This notebook illustrates the crucial difference between using Python's built-in logical operators (`and`, `or`, `not`) and Pandas' bitwise operators (`&`, `|`, `~`) for boolean indexing.

### Why the Difference Matters

Pandas uses NumPy arrays under the hood for its Series and DataFrames. When you create a boolean mask for indexing (e.g., `df['column'] > 0`), you're creating a NumPy boolean array.  Python's `and`, `or`, and `not` operators are designed to work on single boolean values, not arrays of booleans.  Attempting to use them with boolean arrays leads to a `ValueError` because Python doesn't know how to resolve the "truthiness" of an entire array.  Do *all* the values need to be `True`?  Does *any* value need to be `True`?  It's ambiguous.

Bitwise operators, on the other hand, are overloaded in NumPy (and therefore Pandas) to perform element-wise logical operations on boolean arrays.


### Example Setup

Let's create a sample Pandas DataFrame:

In [None]:
import pandas as pd

data = {'col1':list(range(1,6)),  \
        'col2':list(range(6,11)), \
        'col3': [True, False, True, False, True]}

df = pd.DataFrame(data)

print(df)

Let's examine the selection of a dataframe:

In [None]:
df['col1'] > 2

So what I want to to is a elementwise comparison for multiple conditions:

In [None]:
9>8 and 1>2

In [None]:
[9,8] > [1,2]

In [None]:
x = "anything"
if x:
    print("x is truthy")
else:
    print("x is falsey")

**For python is any variable "True" if it exists!**
Convenient but can lead to issues

### Using Bitwise Operators (`&`, `|`, `~`)

These operators work correctly for boolean indexing:


In [None]:
# Selecting rows where 'col1' is greater than 2 AND 'col2' is less than 10
filtered_df = df[(df['col1'] > 2) & (df['col2'] < 10)]
print("Filtered DataFrame with '&':")
print(filtered_df)

In [None]:
# Selecting rows where 'col1' is greater than 4 OR 'col2' is less than 7

filtered_df = df[(df['col1'] > 4) | (df['col2'] < 7)]
print("Filtered DataFrame with '|':")
print(filtered_df)

In [None]:
# Selecting rows where 'col3' is NOT True (i.e., False)

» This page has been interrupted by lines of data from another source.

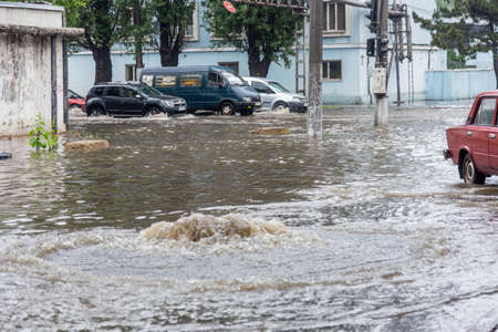 Odessa, Ukraine - May 28, 2020: driving car on flooded road during flood caused by torrential rains. Cars float on water, flooding streets. Splash on car. Flooded city road with large puddle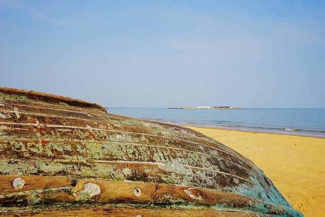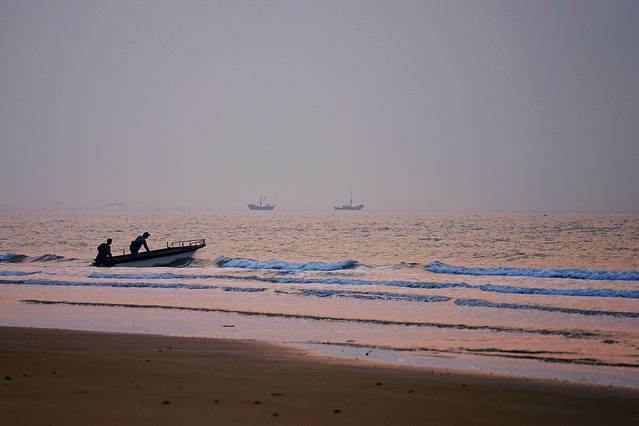 错落有致的渔船静静的停泊着沙滩上,这些小船小得让人觉得不可能是用来捕鱼的渔船,但这确实就是渔民出海捕鱼的渔船。早上我们看到出海的渔船就是这样的,每艘船只能乘坐一个人。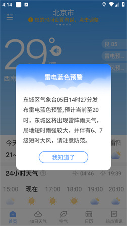 高温、寒潮、暴雨、台风、雾霾等各类恶劣天气的预警信息会被及时推送,以保障用户的安全。
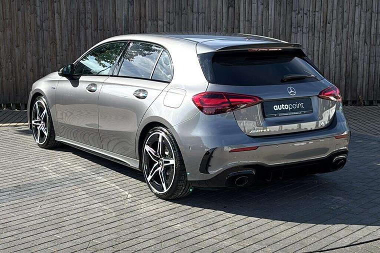 10.25 inch touchscreen central media display, 10.25" Digital instrument cluster display screen, Attention assist, Brake pad wear indicator warning light, Car wash mode, Cruise control + speed limiter, Direct steering, Direction indicators with lane change function, Dual bluetooth interfaces, DYNAMIC SELECT with driving programs (Slippery, Comfort, Sport, Sport+ and Individual), Easy pack tailgate hands-free access, ECO start/stop function, Engine start/stop button, Fluid level warning indicator for fuel, oil, coolant and washer fluid, Hard-disk navigation, Hey Mercedes Voice activation, Lamp failure indicator, MBUX augmented reality for navigation, Mercedes me connect including emergency call system, accident recovery, breakdown and maintenance management, Mercedes me remote services, Outside temperature gauge, Owners manual in English, Pre-installation of private car share, Preinstallation for Mercedes Benz link, Remote boot closing, Service indicator (ASSYST), Smartphone integration with Apple CarPlay and Android auto, Speed sensitive power steering, Trip computer in multifunction display with current consumption indicator, Wireless charging, AMG suspension, DAB Digital radio, MBUX multimedia system, Mercedes Benz advanced sound system (225 W) with 10 speakers, 1 central speaker, speakers on doors, a tweeter on door, one sub woofer + boost amplifier, 4 Electric Front and Rear windows, Adaptive brake lights, AMG body styling - AMG front apron with front splitter and AMG rear apron and visible exhaust tailpipe trim elements, AMG Front apron with flics as air deflector elements on the outer air intakes, AMG radiator grille with twin blade lamella and AMG Lettering, AMG Rear apron with specific diffuser look with four vertical fins and two round chrome plated tailpipe trim elements with a diameter of 90 mm, AMG spoiler lip on roof, Beltline strips in High gloss Black, Body colour bumpers, Body colour door handles with chrome inserts, Body colour side skirt, Electric adjustable and heated door mirrors with integrated LED side indicators, Front splitter and trim elements on the louvres in the outer air inlets, Front wings wheel arches with TURBO 4MATIC lettering, Headlamp assist automatic headlamp activation, Heat insulating dark tinted rear and rear side windows, Heated glass rear windscreen + timer control, LED High level third brake light, LED High Performance headlamps including integral LED daytime running lamps and adaptive highbeam assist, LED tail lamp, Privacy glass, Radio aerial, Rain sensing windscreen wipers with two sensitivity settings, Rear fog lights, Rear side wing doors, Rear windscreen wiper, Wider wheel arches for AMG wheels, Window line trim strip in black, 3 seat bench in 2nd row, 4 way lumbar support, 40:20:40 split folding rear seats, AMG floor mats, AMG Performance steering wheel in nappa leather, Automatic child seat recognition sensor, Black air vents with surround in silver chrome, Black roof lining, Brushed stainless steel sports pedals with rubber studs, Front centre armrest with stowage, Front seat backs luggage nets, Heated front seats, Height/reach adjustable steering column, Illuminated AMG front door sills with changeable cover, Interior lighting - 64 colour Ambient lighting, Interior mirror with reading lamps in black and frameless, Rear armrest with 2 cupholders, Seat occupancy sensor for front passenger seat, Silver coloured aluminium gear shift paddles on steering wheel, Single front passenger seat, Sports seats with integrated headrests, Stowage compartment in centre console with retractable cover, Sunvisors with illuminated vanity mirrors, Twin front cupholders, Two zone thermotronic luxury automatic climate control, AMG night pack - A Class, Light and sight pack - A Class, Mirror package - A Class, Parking pack - A Class, Seat comfort pack - A Class, USB pack plus - A Class, 3 rear 3 point seatbelts, ABS with Brake Assist, Active bonnet, Adaptive brake assist with hold function and hill start assist, Black seatbelts, Bonnet with power domes, Childproof locks manually operated for rear doors and electrically operated for rear power windows, Crash responsive emergency lighting, Driver and passenger head and side airbags, Drivers knee airbag, Dual stage driver/passenger airbags, Electronic parking brake, ESP curve dynamic assist, ESP with ASR, Exit warning, Front and rear seatbelt reminder, Front brake calipers with AMG lettering, ISOFIX and top tether child seat fixing points in two outer rear seats, Tyre pressure monitoring system, Warning triangle and first aid kit, Window airbags, Alarm system/interior protection/immobiliser, Guard 360 degree vehicle protection, Keyless entry lock/unlock, Keyless Go, Remote central locking and crash sensor with emergency opening function, Light longitudinal grain aluminium trim, 19" AMG 5 twin spoke light alloy wheels aerodynamically optimised painted in matt black with high sheen finish, Summer tyres, Tirefit sealant kit,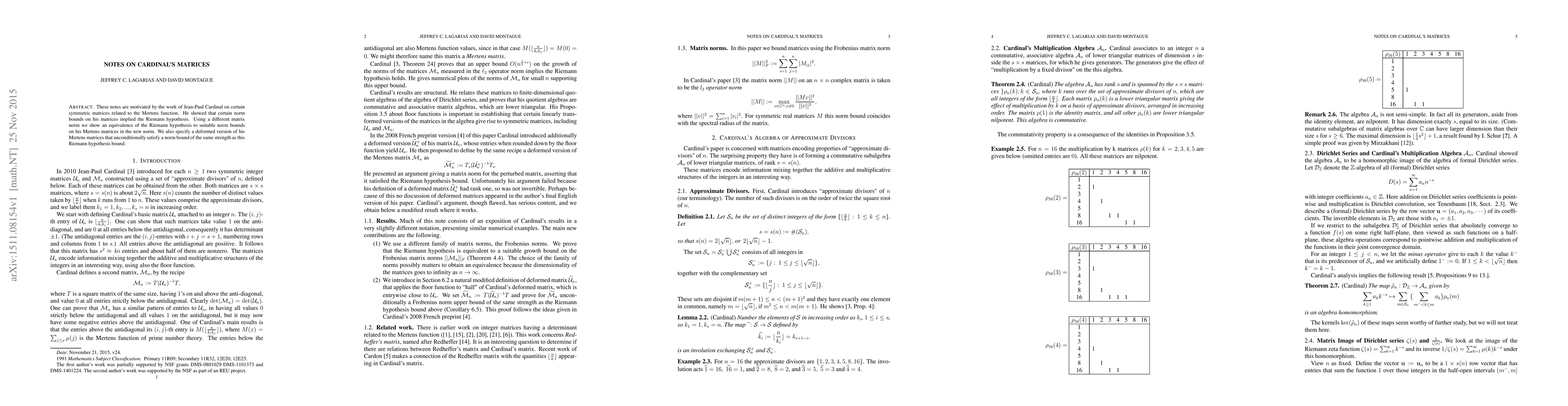 The paper introduces a novel norm for Cardinal's matrices and demonstrates an equivalence between the Riemann Hypothesis and norm bounds on these matrices, along with providing a deformed matrix version that satisfies a strong norm bound unconditionally.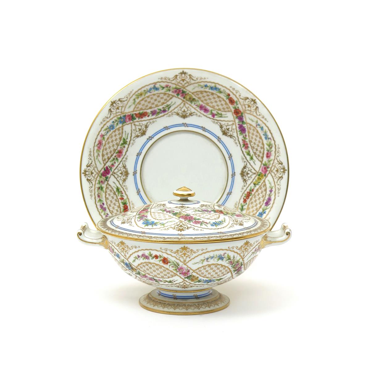 A Sèvres ecuelle with cover and stand 2nd half 19th century, painted with interlocking garlands of flowers enclosing gilt diaper panels within stylized foliate motifs, cancelled marks, 22.8cm. (3)
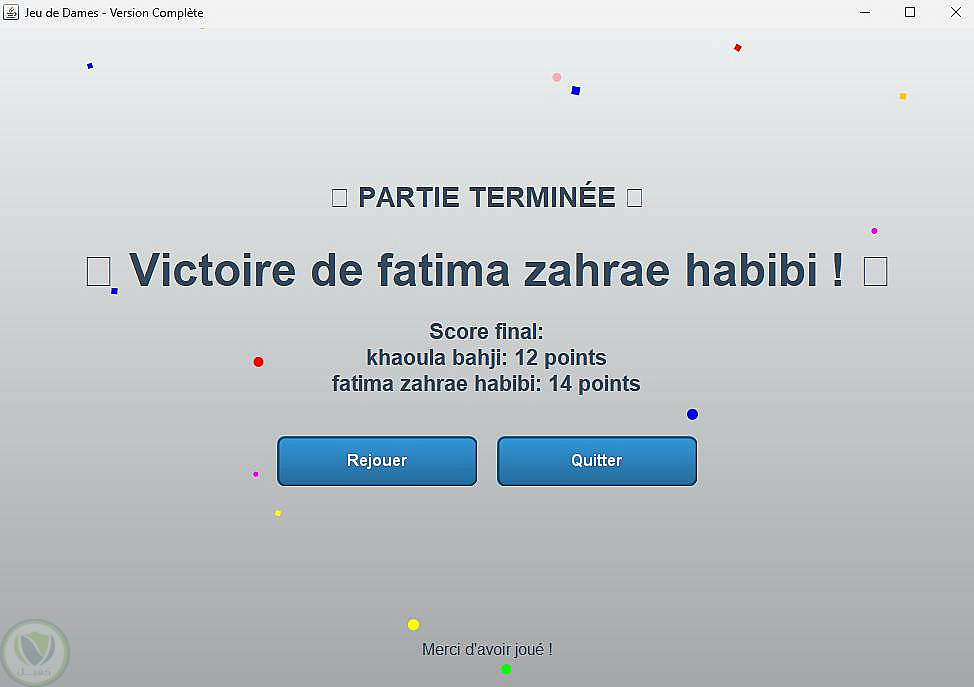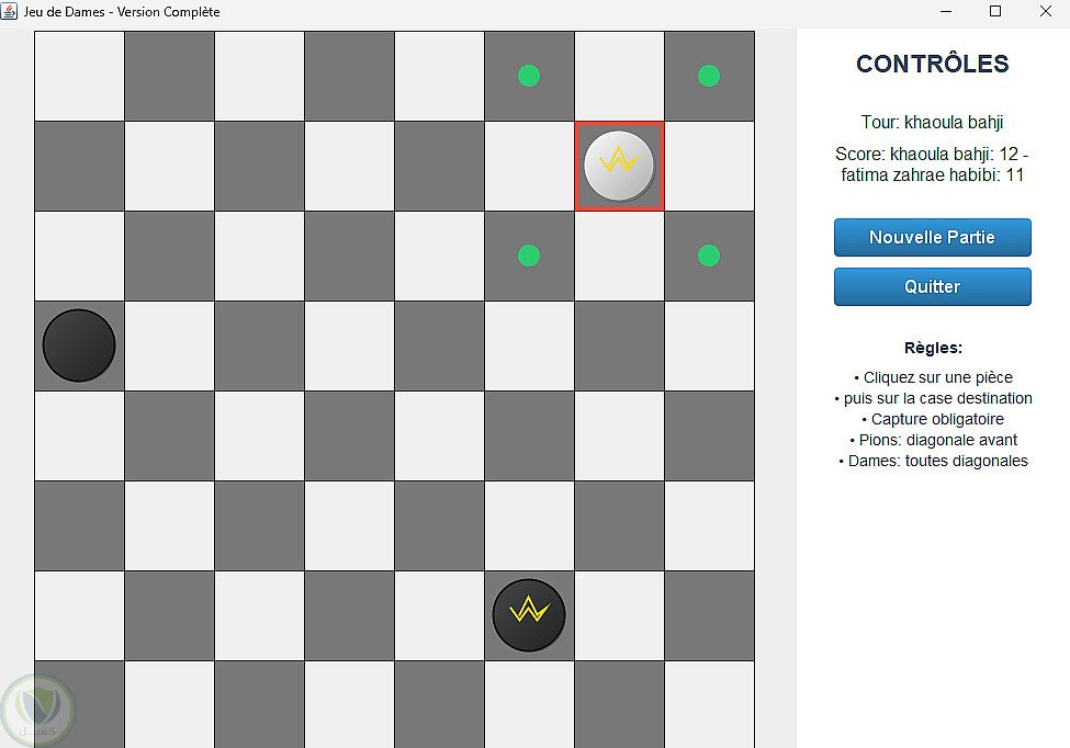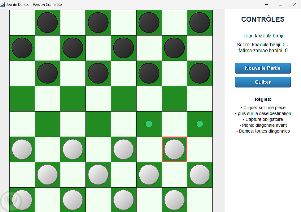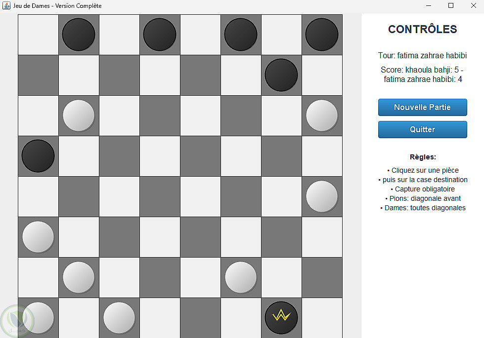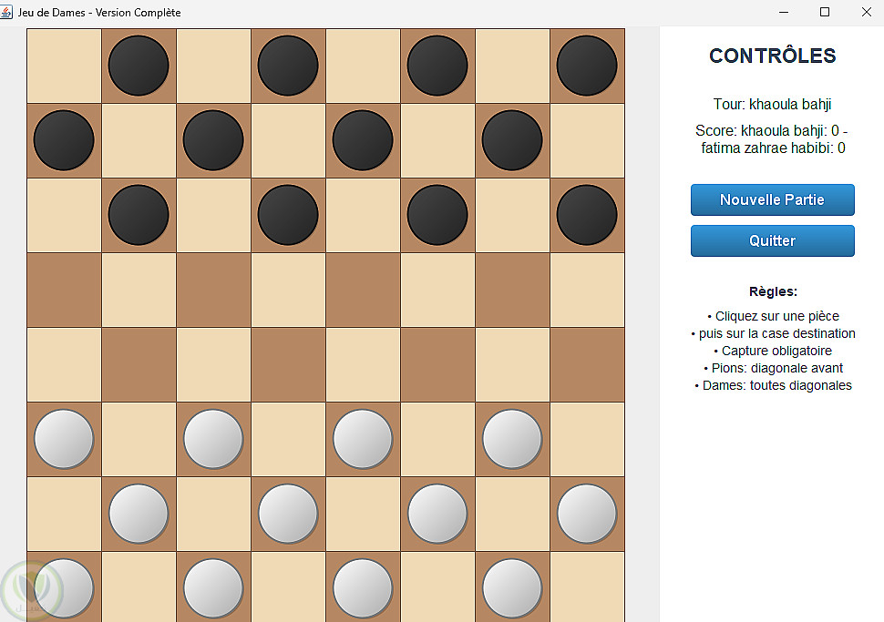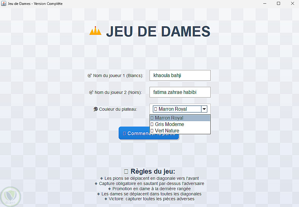 قمت بتطوير لعبة الداما (Jeu de Dames) بلغة Java مع واجهة رسومية احترافية باستخدام مكتبة Swing. هذا المشروع يحاكي لعبة الداما الكلاسيكية بشكل تفاعلي وسلس، مع التركيز على تجربة المستخدم والذكاء في تتبع الحركات واللاعبين.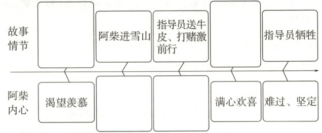 ⑥指导员拍拍阿柴的肩膀说:“我要跟你打个赌。我们来比一比谁先翻过雪山,你肯定比不过我。”阿柴说:“那可不一定,我行军速度可快了!”“要是你比我先翻过雪山,我的军帽送给你!”指导员认真地说。阿柴的眼睛亮了,二话不说,拉起木棍,迈开大步在齐膝深的大雪中走了起来。虽然又冷又饿,可一想到自己梦寐以求的军帽,他就觉得浑身充满了力量!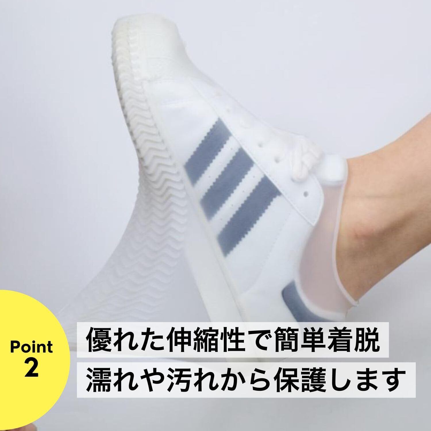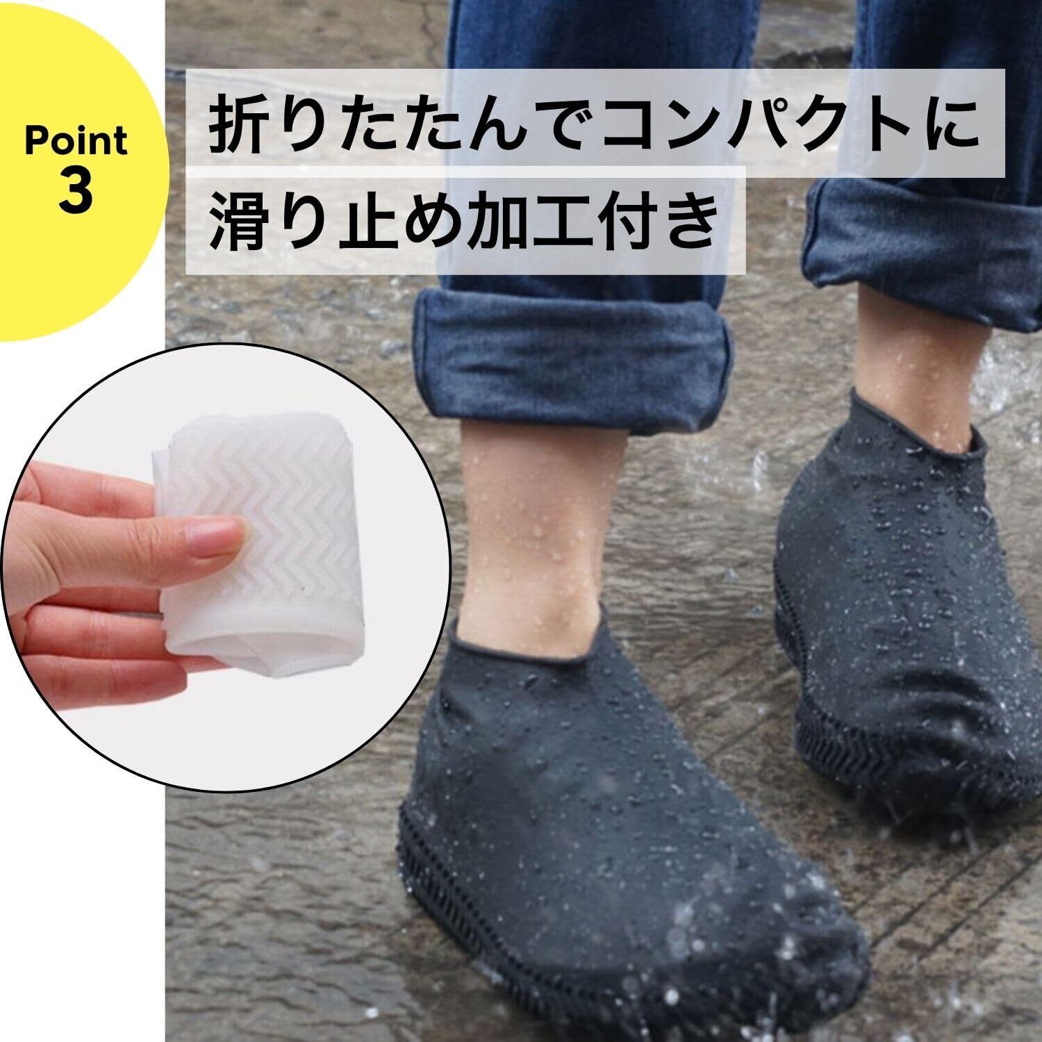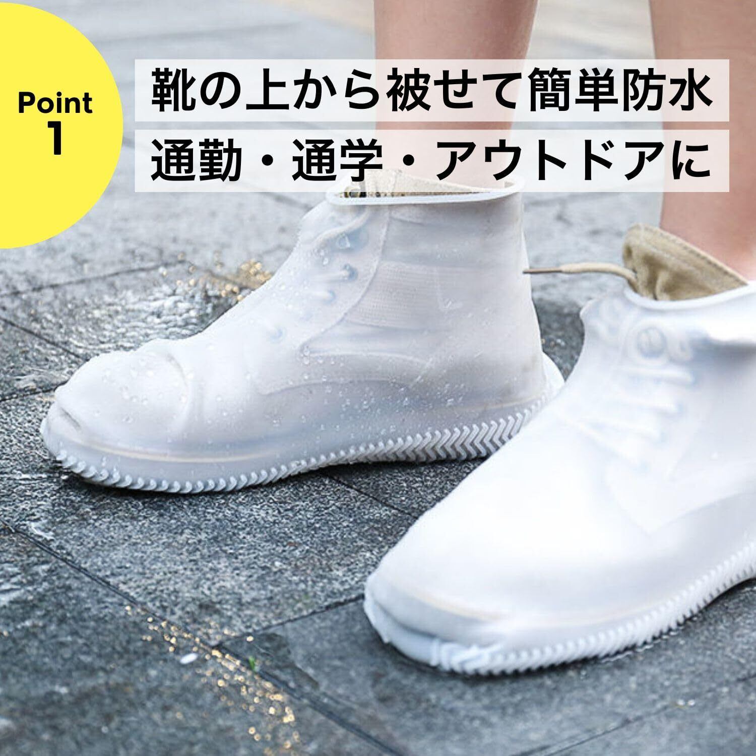 【防水シューズカバー】靴の上から被せるだけで防水効果を発揮し、お気に入りの靴を濡れや汚れから保護します。通勤や通学、アウトドアにも最適です。※ヒールがある靴、厚底の靴、つま先の尖った靴、金具など金属の装飾がある靴のような靴にはご使用いただけません。

filtered_df = df[~df['col3']]
print("Filtered DataFrame with '~':")
print(filtered_df)


### Attempting to Use Logical Operators (`and`, `or`, `not`)

This will raise a `ValueError`:


In [None]:
try:
    filtered_df = df[(df['col1'] > 2) and (df['col2'] < 10)]
    print(filtered_df)
except ValueError as e:
    print(f"Error: {e}")


As you can see, the `and` operator raises a `ValueError` because it doesn't know how to handle the boolean Series `(df['col1'] > 2)` and `(df['col2'] < 10)`.  The same would happen with `or` and `not`.

### Precedence

Be careful of operator precedence.  `&` and `|` have higher precedence than comparison operators like `>` and `<`.  That's why you need to enclose each comparison in parentheses, like this: `(df['col1'] > 2) & (df['col2'] < 10)`.  Without the parentheses, you might get unexpected results or errors.


### Summary

-   Use `&` (bitwise AND), `|` (bitwise OR), and `~` (bitwise NOT) for boolean indexing in Pandas.
-   Avoid `and`, `or`, and `not`, as they are not designed for operating on arrays of boolean values.
-   Remember to use parentheses to ensure correct operator precedence.